GWS takes in-depth look at Chinese market

By   2008-8-7 14:28:15

The Olympics and the world have come to China, and Global Wine & Spirits is right there at the forefront. We have invested considerable energy over the past few months developing a thorough understanding of the Chinese market. Following close on the heels of the launch of our Shenzhen office and a strong presence at SIAL China, we are now publishing the first in a series of national reports available exclusively to Global Wine & Spirits members. Here is a brief summary of our report on China.

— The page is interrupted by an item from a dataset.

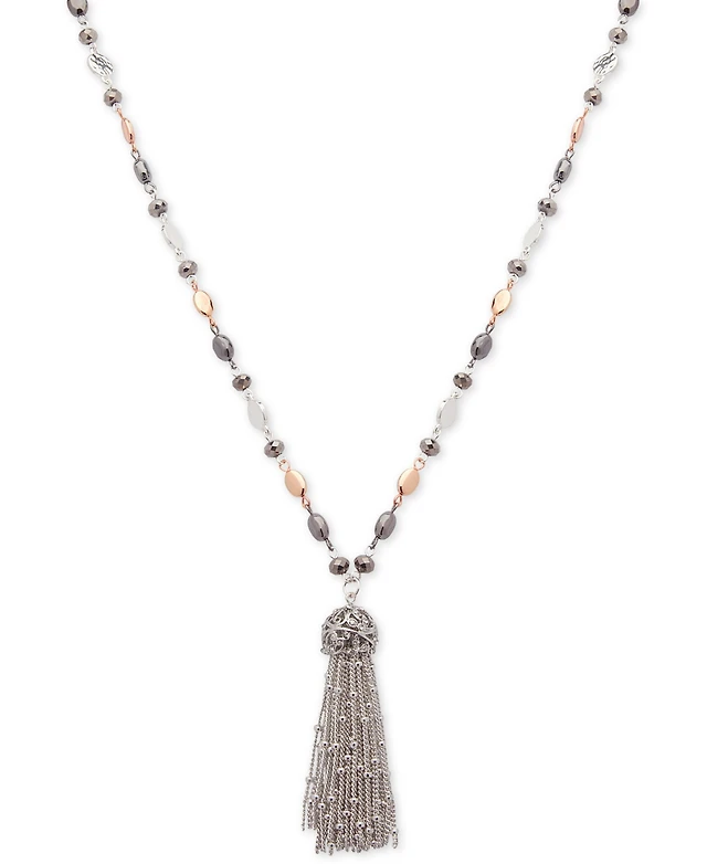 Nine West Tri-Tone Metallic Bead Long Tassel Pendant Necklace
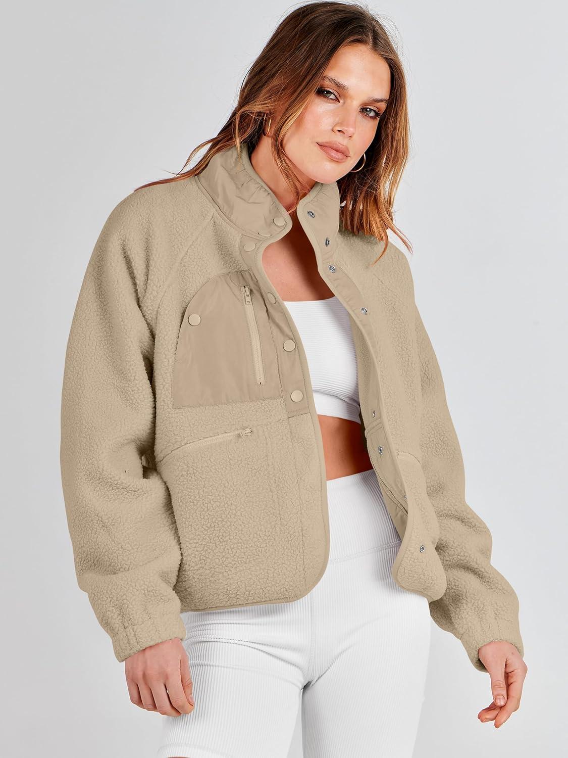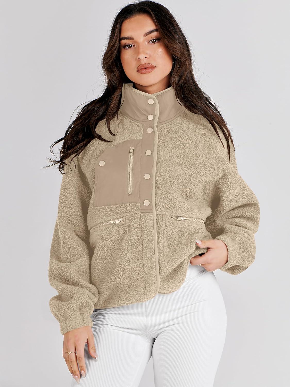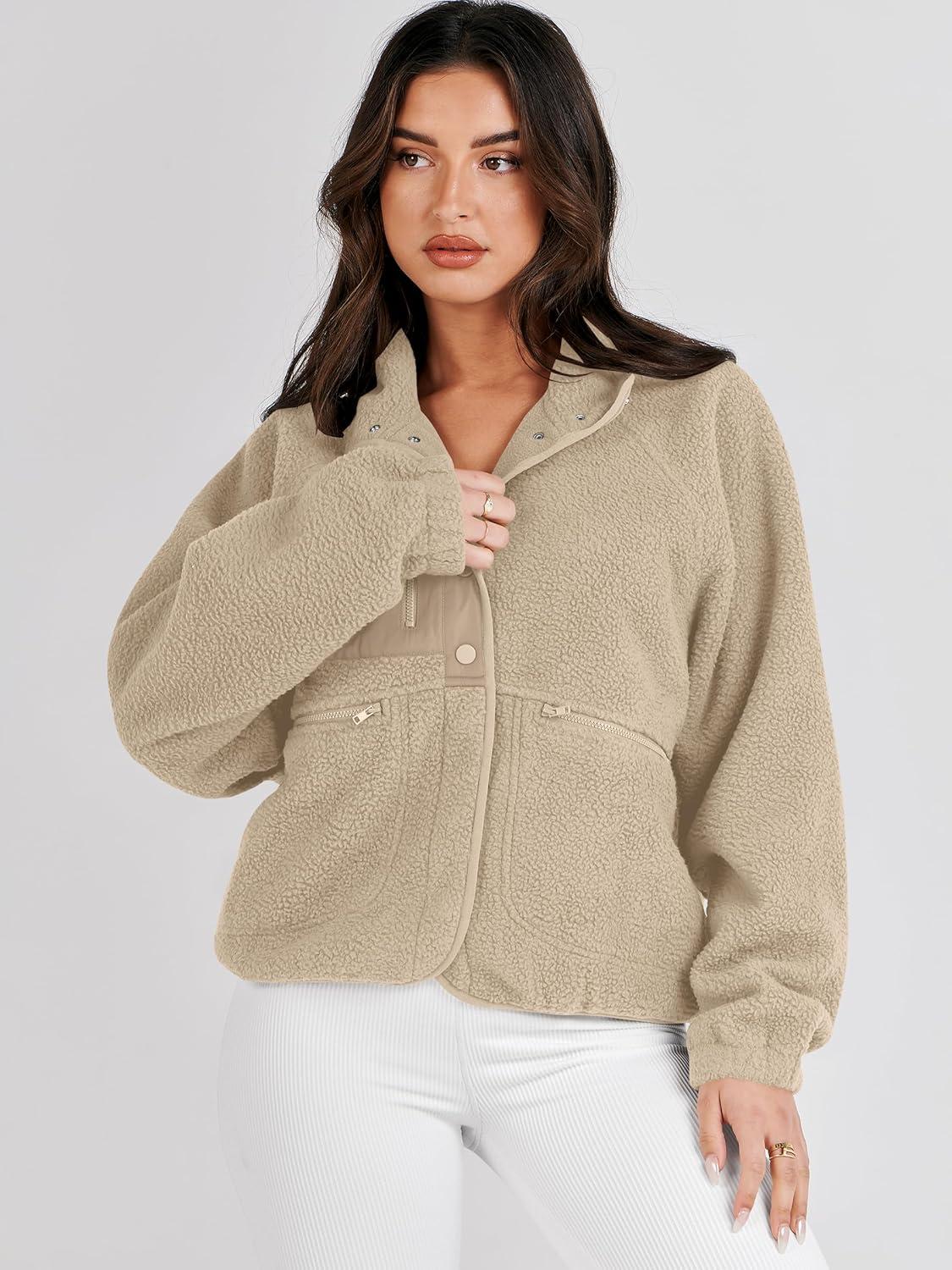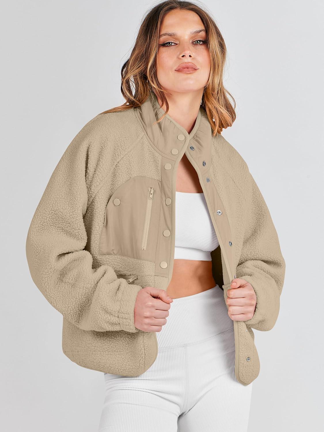 ANRABESS Womens Fuzzy Fleece Jacket Fall Casual Long Sleeve Cropped Sherpa Button Down Shacket Coats Outwear With Pockets(Khaki)

The Chinese wine and spirits market continues to evolve. Moving towards 2010, China will remain the world’s most dynamic market with about 36% growth in consumption, compared with an average of 4.8% for the rest of the world. Although every year sees new records being set, wine sales still represent only 5% of business for the alcoholic beverages industry. With a growing middle class in the major urban areas, the demand for premium goods is also increasing. As a result, wine has become a fashionable product and a major status symbol. One of the key factors driving this trend is the decision of authorities to encourage sector growth by promoting the health benefits of wine. The government now intends to play an active role in providing wine education and making the product more accessible to all consumers. This will enable imported wines to better penetrate a market where domestic products represent about 90% of all sales. Chinese wine imports are still in their infancy but growing annually, with France, Australia and Italy leading the way. This is a market with huge discrepancies in consumption patterns: rural versus urban, East coast versus the interior, and local consumers versus foreigners and expatriates. In short, domestic wines dominate the low-end market with strong sales in rural areas, while imported wines dominate the high-end market, which primarily comprises foreigners along the East coast.